**Activity**
Please repeat, exactly and without pictures, the lines of the entries below that run from the one containing "그리고 파일 읽기 및" through the one containing "De retour à".

**Input data**
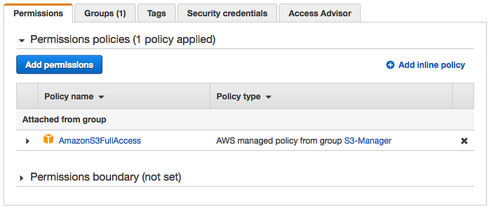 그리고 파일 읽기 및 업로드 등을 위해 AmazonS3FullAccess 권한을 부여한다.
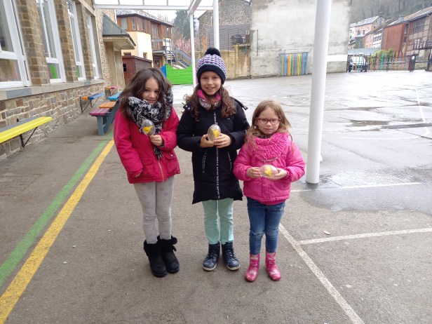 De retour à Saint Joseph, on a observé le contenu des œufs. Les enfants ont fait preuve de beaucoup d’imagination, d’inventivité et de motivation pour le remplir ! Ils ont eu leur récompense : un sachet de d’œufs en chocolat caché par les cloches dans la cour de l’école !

---

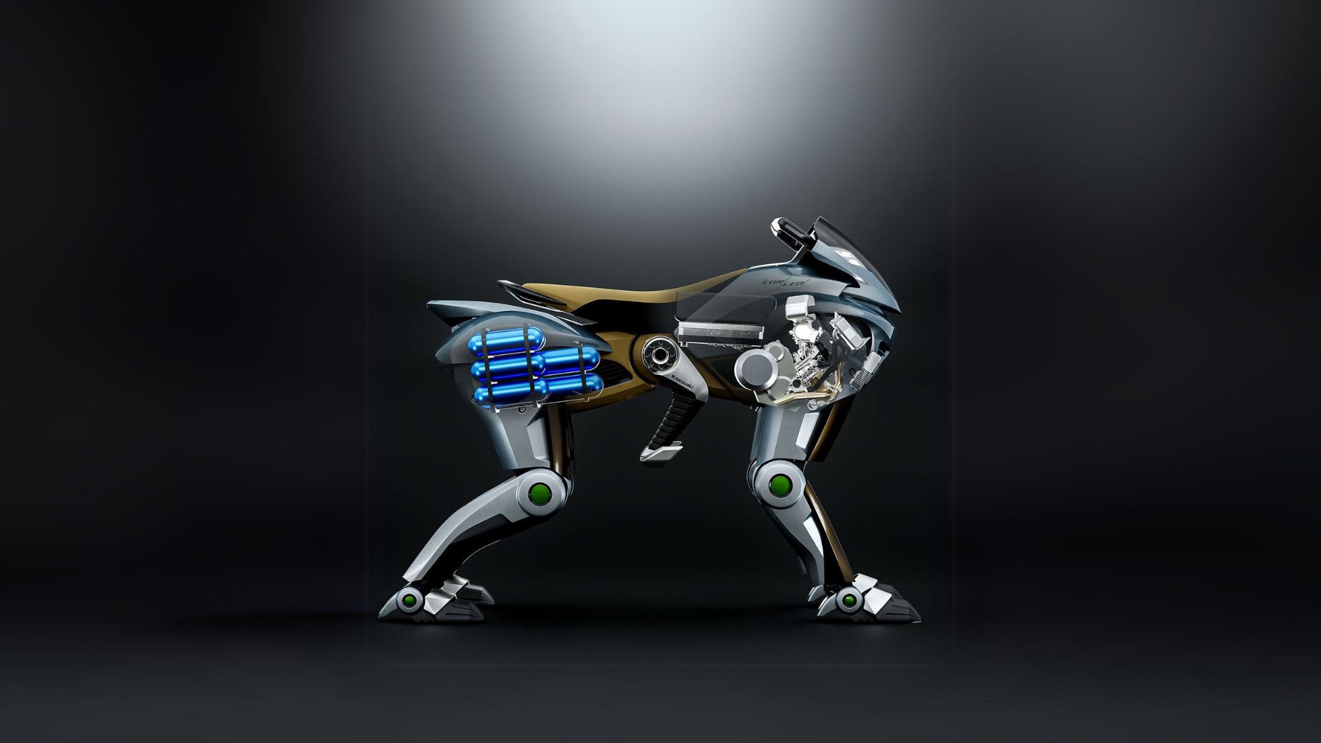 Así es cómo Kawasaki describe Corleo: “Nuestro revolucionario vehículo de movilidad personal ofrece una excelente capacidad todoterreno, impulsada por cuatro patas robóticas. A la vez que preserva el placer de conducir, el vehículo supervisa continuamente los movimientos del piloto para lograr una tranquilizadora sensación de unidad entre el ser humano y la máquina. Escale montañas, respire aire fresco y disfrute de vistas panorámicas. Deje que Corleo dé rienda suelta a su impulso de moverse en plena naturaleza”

...

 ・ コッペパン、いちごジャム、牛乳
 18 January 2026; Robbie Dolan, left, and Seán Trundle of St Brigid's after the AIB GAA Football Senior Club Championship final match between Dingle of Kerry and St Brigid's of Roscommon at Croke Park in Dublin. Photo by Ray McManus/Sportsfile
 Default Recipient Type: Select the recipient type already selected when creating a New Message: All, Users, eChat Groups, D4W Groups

**Answer box**
 그리고 파일 읽기 및 업로드 등을 위해 AmazonS3FullAccess 권한을 부여한다.
 De retour à Saint Joseph, on a observé le contenu des œufs. Les enfants ont fait preuve de beaucoup d’imagination, d’inventivité et de motivation pour le remplir ! Ils ont eu leur récompense : un sachet de d’œufs en chocolat caché par les cloches dans la cour de l’école !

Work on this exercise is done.